Lorena Gonzalez1, Neal R. Barshes1, Richard L. Lu1, Kathryn Dougherty2, Zvonimir Krajcer2, Panos Kougias1
1Department of Vascular and Endovascular Surgery, Baylor College of Medicine, Houston, TX; 2Texas Heart Institute - St Luke's Episcopal Hospital, Houston, TX.
OBJECTIVES: It is unclear whether the type of proximal fixation and radial force associated with EVAR have any long-term impact on the aneurysm neck diameter (AND). We sought to identify whether AND changes occur and if any factors are associated with changes in AND.
METHODS: Post-EVAR computed tomography images were reviewed for all patients undergoing EVAR at two tertiary medical centers between November 2002 and March 2012 for whom >6 month post-EVAR imaging was obtained. The AND was defined as the minor axis 1cm inferior to the lowest renal artery. AND changes were calculated as the difference between pre-EVAR AND and AND at last follow-up scan. EVAR stent-graft type and other patient characteristics were obtained from chart review. Multivariable linear regression was used to identify factors independently associated with long-term AND changes.

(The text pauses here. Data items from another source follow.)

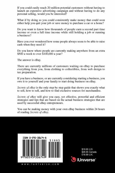 If you could easily reach 20 million potential customers without having to launch an expensive advertising campaign and without having to do any personal selling, would you be interested? What if by doing so you could consistently make money that could soon either help you quit your job or save money to purchase a car or a home? Do you want to know how thousands of people earn a second part time income or even a full time income while still holding a job or running a business? Have you ever wondered how some people always seem to be able to raise cash when they need it? Do you know where people are currently making anywhere from an extra $500 a week to over $100,000 a year? The answer is eBay. There are currently millions of customers waiting on eBay to purchase everything from you, from clothing to collectibles, from web design to tax preparation. If you have a business, or are currently considering starting a business, you owe it to yourself and your family to start doing business on eBay. Secrets of eBay is the only step by step guide that shows you exactly what to sell, how to sell, and how to find exclusive sources for merchandise. Secrets of eBay will give you easy, yet effective, powerful and efficient strategies and tips that are based on the actual business strategies that are used by successful eBay entrepreneurs. You can be making money with your own eBay business within 24 hours of reading Secrets of eBay.
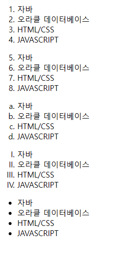 | <ol> | 규칙성이 있는 목록의 시작과 끝을 나타낸다. type을 지정해줄 수 있다. |
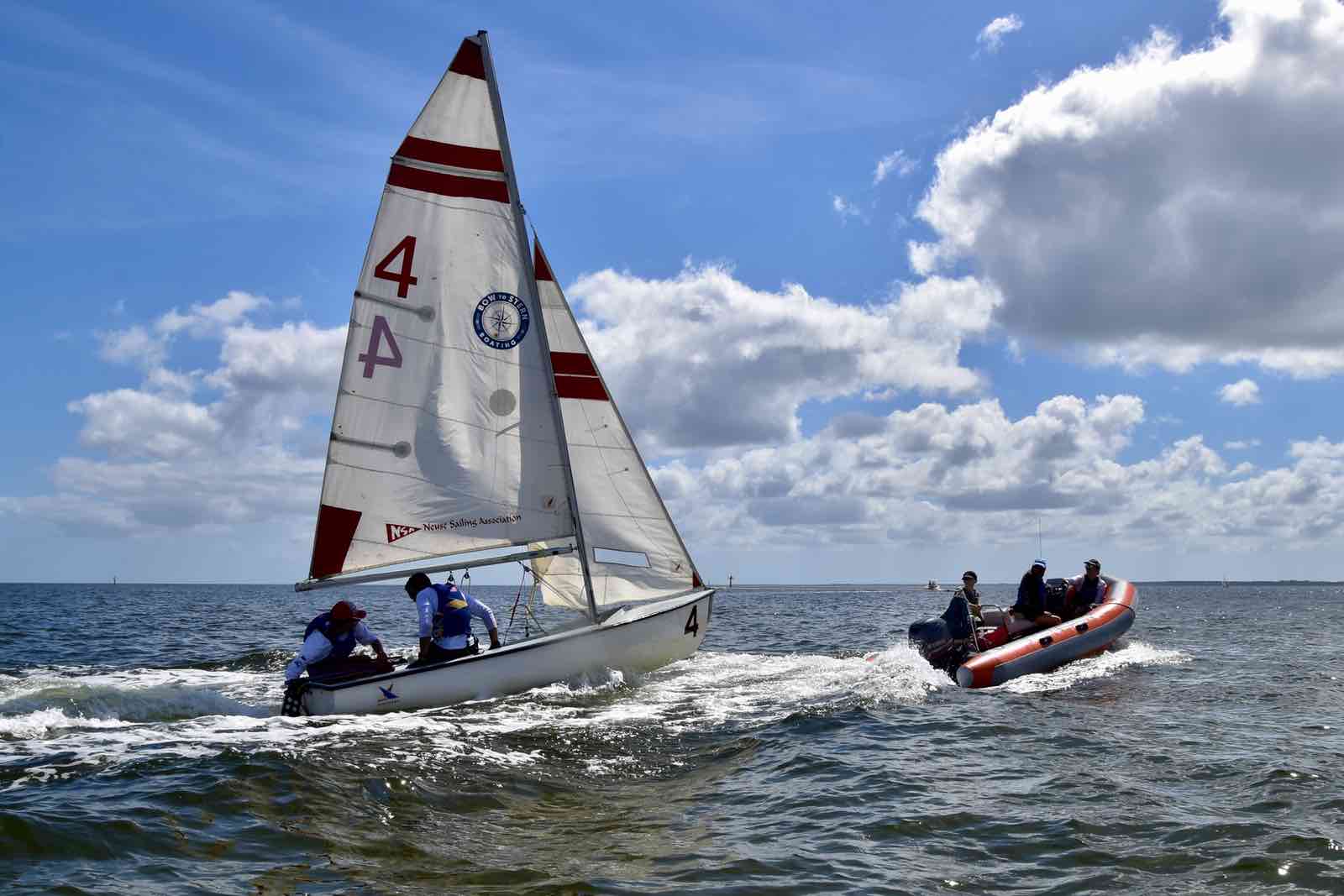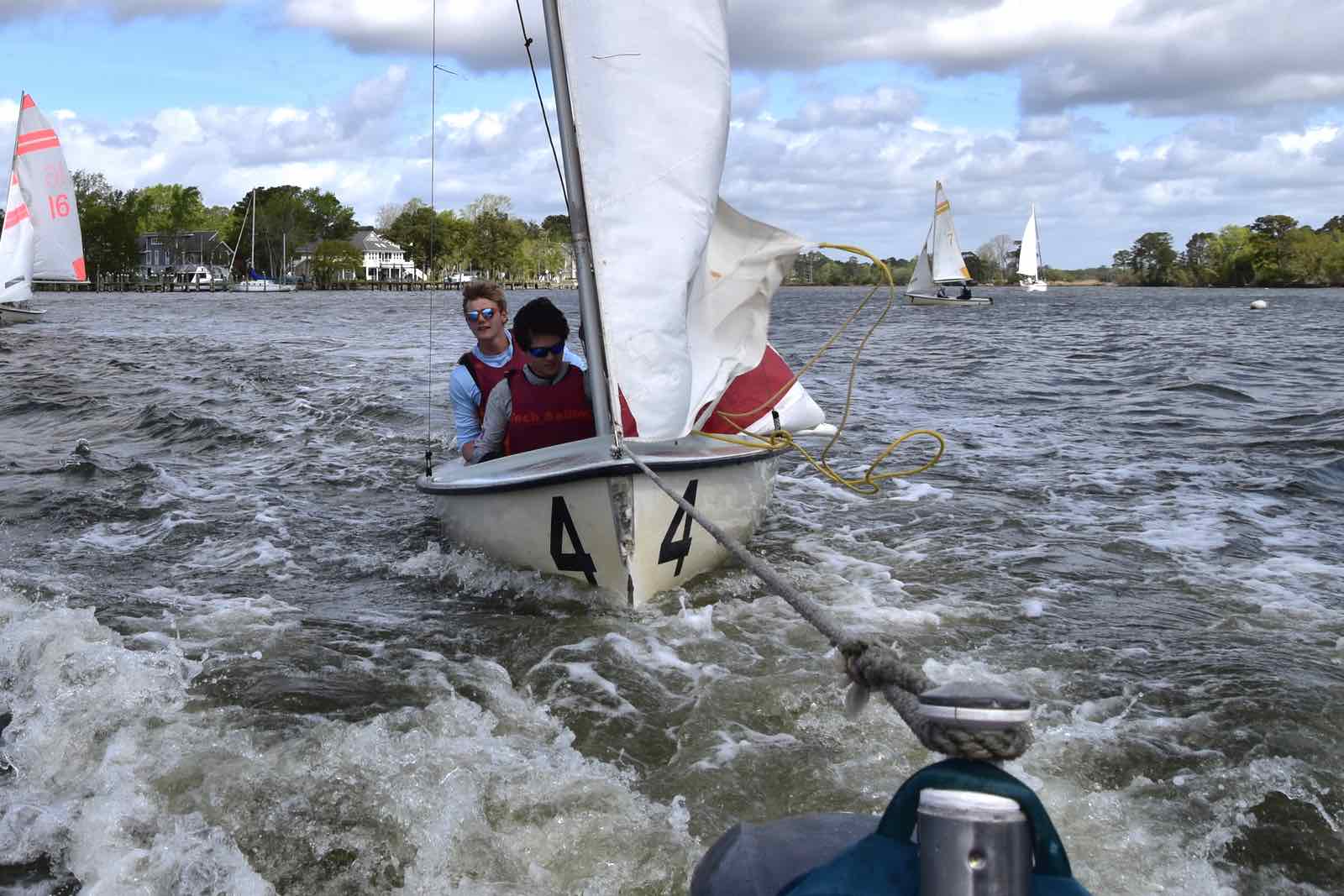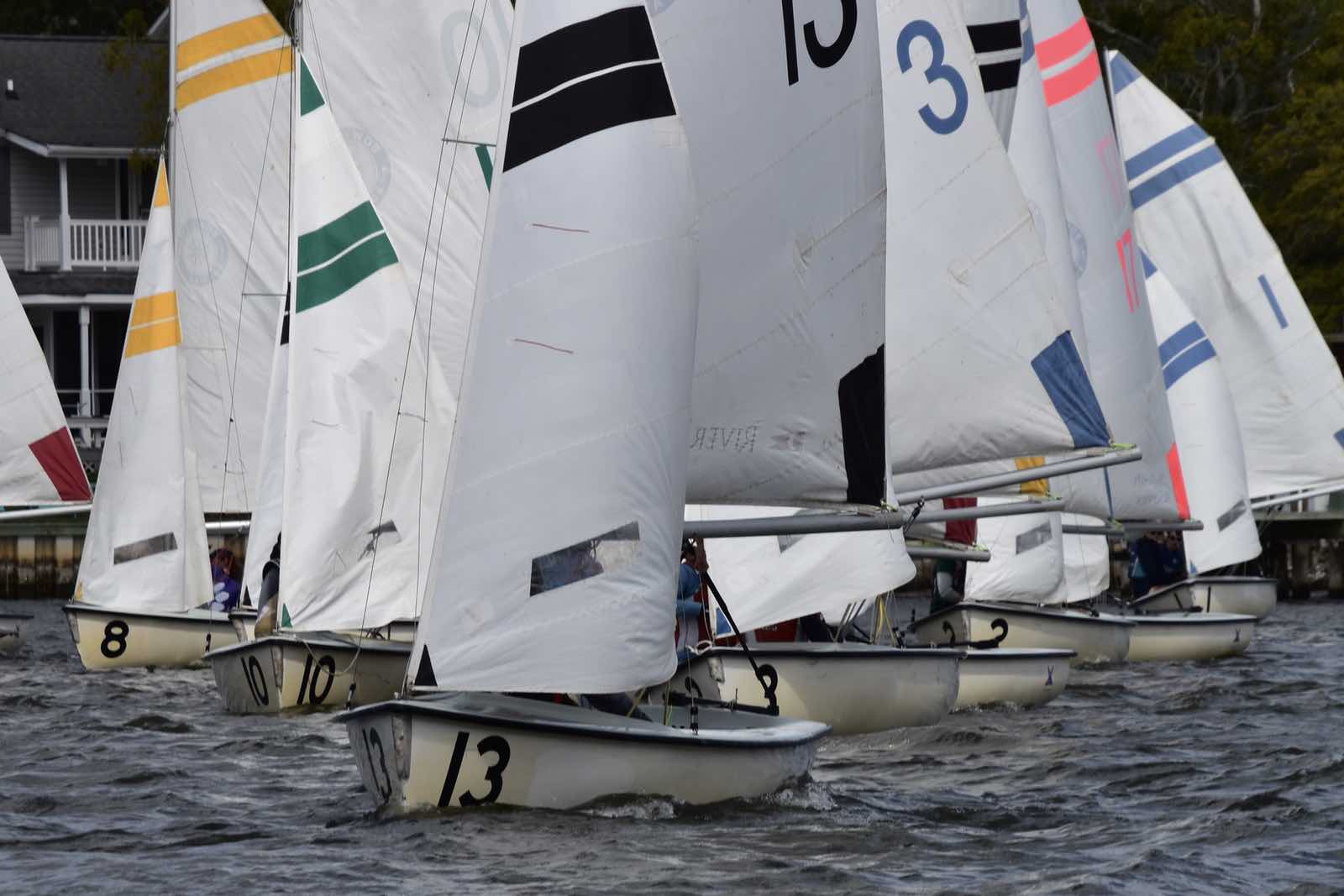The Committee Boat helping out, Saturday on the Neuse.Embry-Riddle bail out their boat. The number 4 hull had a leak and was taking on water.Sailing downwind in light air Saturday.Clockwise from top: University of Florida, Christopher Newport University, Rice University.Crowded race start in the creek Sunday.What it’s like to get 19 boats and crew from shore to creek, in 55 sped-up seconds:

RESULTS: A total of 151 patients meeting inclusion criteria underwent EVAR with one of five stent-graft types. The median age was 70 years old, and median follow-up time for these patients was 2.05 years. The mean initial AND was 24.5mm, and the median AND change was -0.2mm/yr. AND expansion >1mm/yr occurred in 27 patients (17.8%). Multivariable regression demonstrated that larger initial AND (p=0.001) and diabetes mellitus (p=0.03) were associated with reduced risk of AND expansion. The Zenith (p<0.001) and the Talent (p=0.07) stent-grafts were associated with increased risk of AND expansion compared to Excluder, AneuRx, and Powerlink devices. Overall, stent-grafts with suprarenal fixation were associated with increased rate of AND expansion compared to those that did not have suprarenal fixation (p=0.01).
CONCLUSIONS: Significant AND expansion after EVAR is uncommon. Necks that do expand only do so marginally but suprarenal fixation appears to be associated with an increased risk of long-term AND expansion. Future studies should address the incidence of AND during longer follow up and the relationship between AND expansion and secondary interventions after EVAR.
AUTHOR DISCLOSURES: N. R. Barshes: Nothing to disclose; K. Dougherty: Nothing to disclose; L. Gonzalez: Nothing to disclose; P. Kougias: Nothing to disclose; Z. Krajcer: Gore, Endologix, Medtronic, Consulting fees or other remuneration (payment); Gore, Endologix, Medtronic, Speaker’s bureau; R. L. Lu: Nothing to disclose.